“The original sin of this country still stains our nation today,” Biden said. “Sometimes we manage to overlook it, and just push forward with the thousand other tasks of daily life. But it’s always there. And weeks like this, we see it plainly. We are a country with an open wound. None of us can turn away. None of us can be silent. None of us any longer can hear those words — ‘I can’t breathe’ — and do nothing.”
Without naming Donald Trump, Biden made a reference to the president’s tweet earlier on Friday, in which he wrote that “when the looting starts, the shooting starts.”
“This is no time for incendiary tweets. This is no time to encourage violence,” Biden said.

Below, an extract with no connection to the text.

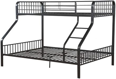 This space-saving Caius twin over queen metal bunk bed meets all your needs and expectations. Features easy access guardrails, right facing built-in ladder and a metal tube support slat system. Accommodating a xl twin and queen mattress, this sturdy bunk bed will last through years of play.Read More

Trump later tried to clarify the remark, writing on Twitter that “Looting leads to shooting, and that’s why a man was shot and killed in Minneapolis on Wednesday night – or look at what just happened in Louisville with 7 people shot. I don’t want this to happen, and that’s what the expression put out last night means. It was spoken as a fact, not as a statement. It’s very simple, nobody should have any problem with this other than the haters, and those looking to cause trouble on social media. Honor the memory of George Floyd!”
Biden said that he had talked to members of Floyd’s family earlier on Friday.
Twitter slapped a label on Trump’s earlier tweet for violation of its rules against glorifying violence.
Former President Barack Obama also weighed in on the furor over Floyd’s death, issuing a statement in which he said, “This can’t be ‘normal’ in 2020 America. It can’t be ‘normal.’ If we want our children to grow up in a nation that lives up to its highest ideals, we can and must be better.”